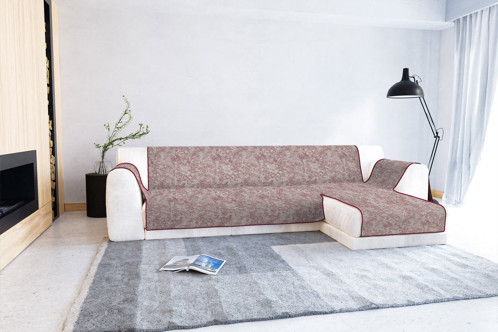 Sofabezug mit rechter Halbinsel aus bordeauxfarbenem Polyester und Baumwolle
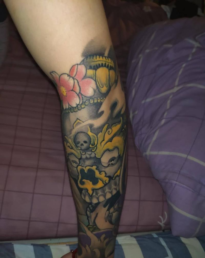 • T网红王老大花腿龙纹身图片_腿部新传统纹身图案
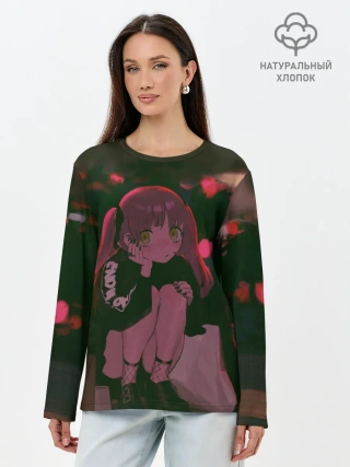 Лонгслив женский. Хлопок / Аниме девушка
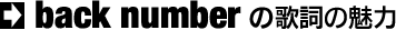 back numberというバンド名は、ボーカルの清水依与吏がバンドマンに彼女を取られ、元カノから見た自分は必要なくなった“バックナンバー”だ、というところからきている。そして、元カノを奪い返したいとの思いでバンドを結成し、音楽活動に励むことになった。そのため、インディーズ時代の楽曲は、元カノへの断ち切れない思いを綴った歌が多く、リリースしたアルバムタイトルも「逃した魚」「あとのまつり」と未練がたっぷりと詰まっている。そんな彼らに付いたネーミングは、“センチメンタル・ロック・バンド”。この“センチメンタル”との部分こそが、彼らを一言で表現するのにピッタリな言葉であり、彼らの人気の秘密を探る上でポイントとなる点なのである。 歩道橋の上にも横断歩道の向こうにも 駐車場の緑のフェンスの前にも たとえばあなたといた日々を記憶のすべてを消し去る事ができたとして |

...

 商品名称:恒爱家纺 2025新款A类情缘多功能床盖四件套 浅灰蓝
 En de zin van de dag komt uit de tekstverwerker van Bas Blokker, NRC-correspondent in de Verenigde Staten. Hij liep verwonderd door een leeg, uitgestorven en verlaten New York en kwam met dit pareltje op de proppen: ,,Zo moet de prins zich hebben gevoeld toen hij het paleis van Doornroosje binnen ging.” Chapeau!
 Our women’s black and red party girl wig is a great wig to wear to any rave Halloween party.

==

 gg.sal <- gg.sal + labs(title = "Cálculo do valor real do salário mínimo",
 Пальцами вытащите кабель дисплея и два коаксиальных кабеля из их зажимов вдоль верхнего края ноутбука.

Task ▸
In the entries above, which lines run from the one with "Sofabezug mit rechter" up to and including the one with "駐車場の緑のフェンスの前にも たとえばあなたといた日々を記憶のすべてを消し去る事ができたとして |"? Write them out exactly, without the pictures.

Result of the exercise ▸
 Sofabezug mit rechter Halbinsel aus bordeauxfarbenem Polyester und Baumwolle
 • T网红王老大花腿龙纹身图片_腿部新传统纹身图案
 Лонгслив женский. Хлопок / Аниме девушка
 back numberというバンド名は、ボーカルの清水依与吏がバンドマンに彼女を取られ、元カノから見た自分は必要なくなった“バックナンバー”だ、というところからきている。そして、元カノを奪い返したいとの思いでバンドを結成し、音楽活動に励むことになった。そのため、インディーズ時代の楽曲は、元カノへの断ち切れない思いを綴った歌が多く、リリースしたアルバムタイトルも「逃した魚」「あとのまつり」と未練がたっぷりと詰まっている。そんな彼らに付いたネーミングは、“センチメンタル・ロック・バンド”。この“センチメンタル”との部分こそが、彼らを一言で表現するのにピッタリな言葉であり、彼らの人気の秘密を探る上でポイントとなる点なのである。 歩道橋の上にも横断歩道の向こうにも 駐車場の緑のフェンスの前にも たとえばあなたといた日々を記憶のすべてを消し去る事ができたとして |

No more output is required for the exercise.